Fujikawa didn’t insist that all of her children be cheerful. In “Gyo Fujikawa’s A to Z Picture Book” (1974), on the first painted spread, a girl stands in a marsh, looking neither happy nor sad, hands in pockets, looking at a frog on a rock. “A is for Alone, all by myself,” the text reads. “Hi, there, frog! Can I play with you?” Solitude and loneliness are natural, too, we learn. Later, at “F,” we see a boy leaning over a toadstool, looking at two fairies: “F is for friends, fairies, flowers, fish, and frogs.” All of these moods are presented with acceptance, just as her spot illustrations nod to an array of pleasant items in the world’s catalogue: “M” is for moose, marigold, milk, mockingbird, and moo goo gai pan.
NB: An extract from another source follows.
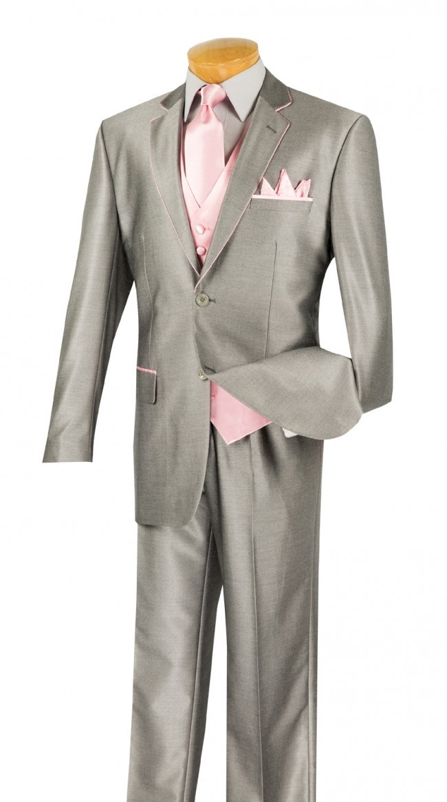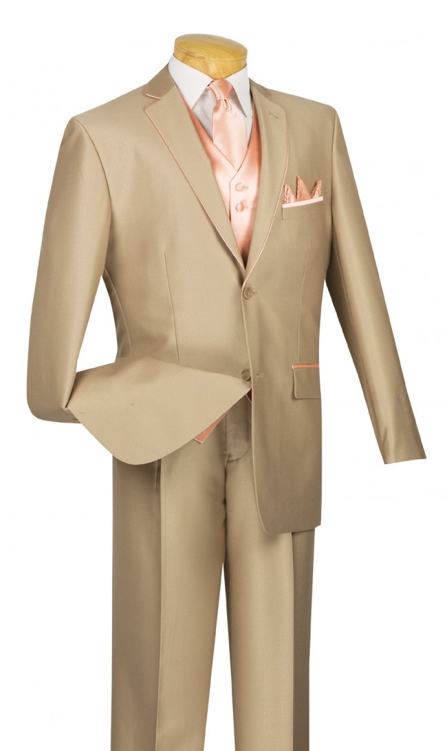 Amazing deal on this 5-piece high fashion men Luxurious wool feel Suit. Single breasted 2 button Notch, trimmed jacket with fancy vest, single pleated pants. 5 pcs Suit with Vest Tie and Hanky. Makes a great suit for Prom, Wedding or any other Formal Event.

Fujikawa died in 1998, at age ninety, and obituaries in the Times and the L.A. Times illuminated her life story well. But, considering that her work has mesmerized children for several decades, I’ve been surprised not to see more acclaim for her during my adult life—no articles or exhibitions, or calendars or tote bags or socks—as I have with other great children’s-book artists, such as Garth Williams, Arnold Lobel, Virginia Lee Burton, Margaret Wise Brown, William Steig, Maurice Sendak, Louise Fitzhugh, and so on. But lately, other artists have begun to pay homage to Fujikawa’s story. In 2017, the playwright Lloyd Suh staged a one-act called “Disney and Fujikawa,” imagining a dialogue between Walt and Gyo; this fall, HarperCollins will publish “It Began with a Page: How Gyo Fujikawa Drew the Way,” by Kyo Maclear and Julie Morstad, which tells her story beautifully, in picture-book form.
“I think she wanted to create a body of literature that would invite all children onto the page,” Maclear told me recently. A later book, “Welcome Is a Wonderful Word,” saw Fujikawa getting more explicit about inclusion, but Maclear prefers her earlier works, where inclusion was “effortless,” and where Fujikawa seemed to create “new laws of the universe for the children she was making books for.” Fujikawa didn’t have a marvellous childhood, and she didn’t have children of her own. But, like Sendak and Fitzhugh and others, she stayed in tune with a child’s way of seeing the world. She also found a way to draw a better one. “I loved it, drawing children’s books,” she told an interviewer, late in life. “I always wanted to do art work for children about children. It was just what I wanted to do.” Their freedom was her freedom, too.